▸ Task to complete: Copy all the records exactly, but keep the pictures out of your version.

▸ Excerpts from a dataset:
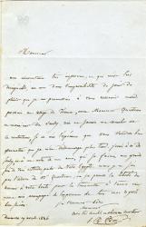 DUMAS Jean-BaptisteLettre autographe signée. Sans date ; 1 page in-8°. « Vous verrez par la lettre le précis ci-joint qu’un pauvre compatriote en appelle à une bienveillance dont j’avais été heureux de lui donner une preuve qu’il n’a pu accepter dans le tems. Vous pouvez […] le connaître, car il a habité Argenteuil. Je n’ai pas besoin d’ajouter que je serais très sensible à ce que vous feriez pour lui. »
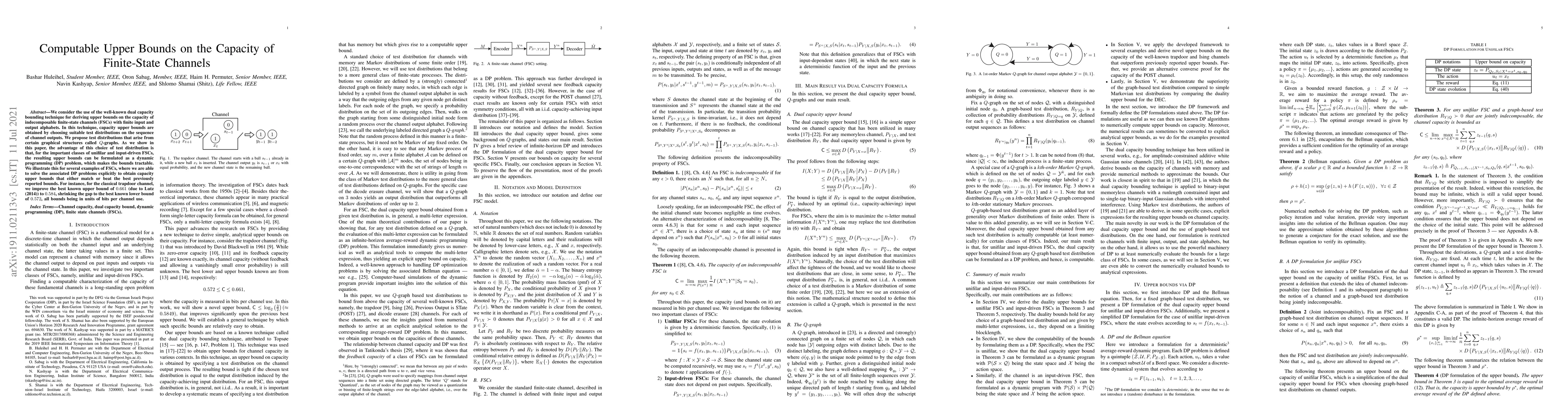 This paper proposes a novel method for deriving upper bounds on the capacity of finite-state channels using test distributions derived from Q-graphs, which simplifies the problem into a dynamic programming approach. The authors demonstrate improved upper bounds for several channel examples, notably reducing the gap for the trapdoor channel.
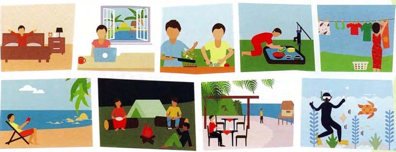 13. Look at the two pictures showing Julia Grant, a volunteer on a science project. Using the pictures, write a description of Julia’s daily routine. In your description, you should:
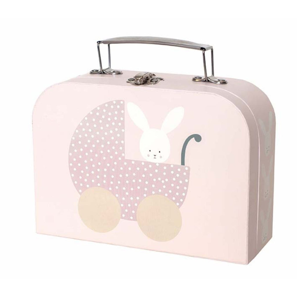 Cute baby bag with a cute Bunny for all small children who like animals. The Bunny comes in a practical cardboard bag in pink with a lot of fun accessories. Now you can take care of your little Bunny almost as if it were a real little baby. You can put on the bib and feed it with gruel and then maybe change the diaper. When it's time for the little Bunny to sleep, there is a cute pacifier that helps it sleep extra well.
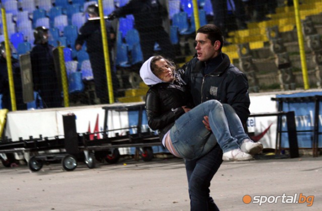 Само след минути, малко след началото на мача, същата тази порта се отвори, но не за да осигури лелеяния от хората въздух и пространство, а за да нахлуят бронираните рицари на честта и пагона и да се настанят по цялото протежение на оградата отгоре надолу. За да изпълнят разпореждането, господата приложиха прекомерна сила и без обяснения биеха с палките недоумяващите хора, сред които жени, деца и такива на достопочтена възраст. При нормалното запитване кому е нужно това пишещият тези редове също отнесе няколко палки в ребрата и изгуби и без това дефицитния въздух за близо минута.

▸ Solution:
 DUMAS Jean-BaptisteLettre autographe signée. Sans date ; 1 page in-8°. « Vous verrez par la lettre le précis ci-joint qu’un pauvre compatriote en appelle à une bienveillance dont j’avais été heureux de lui donner une preuve qu’il n’a pu accepter dans le tems. Vous pouvez […] le connaître, car il a habité Argenteuil. Je n’ai pas besoin d’ajouter que je serais très sensible à ce que vous feriez pour lui. »
 This paper proposes a novel method for deriving upper bounds on the capacity of finite-state channels using test distributions derived from Q-graphs, which simplifies the problem into a dynamic programming approach. The authors demonstrate improved upper bounds for several channel examples, notably reducing the gap for the trapdoor channel.
 13. Look at the two pictures showing Julia Grant, a volunteer on a science project. Using the pictures, write a description of Julia’s daily routine. In your description, you should:
 Cute baby bag with a cute Bunny for all small children who like animals. The Bunny comes in a practical cardboard bag in pink with a lot of fun accessories. Now you can take care of your little Bunny almost as if it were a real little baby. You can put on the bib and feed it with gruel and then maybe change the diaper. When it's time for the little Bunny to sleep, there is a cute pacifier that helps it sleep extra well.
 Само след минути, малко след началото на мача, същата тази порта се отвори, но не за да осигури лелеяния от хората въздух и пространство, а за да нахлуят бронираните рицари на честта и пагона и да се настанят по цялото протежение на оградата отгоре надолу. За да изпълнят разпореждането, господата приложиха прекомерна сила и без обяснения биеха с палките недоумяващите хора, сред които жени, деца и такива на достопочтена възраст. При нормалното запитване кому е нужно това пишещият тези редове също отнесе няколко палки в ребрата и изгуби и без това дефицитния въздух за близо минута.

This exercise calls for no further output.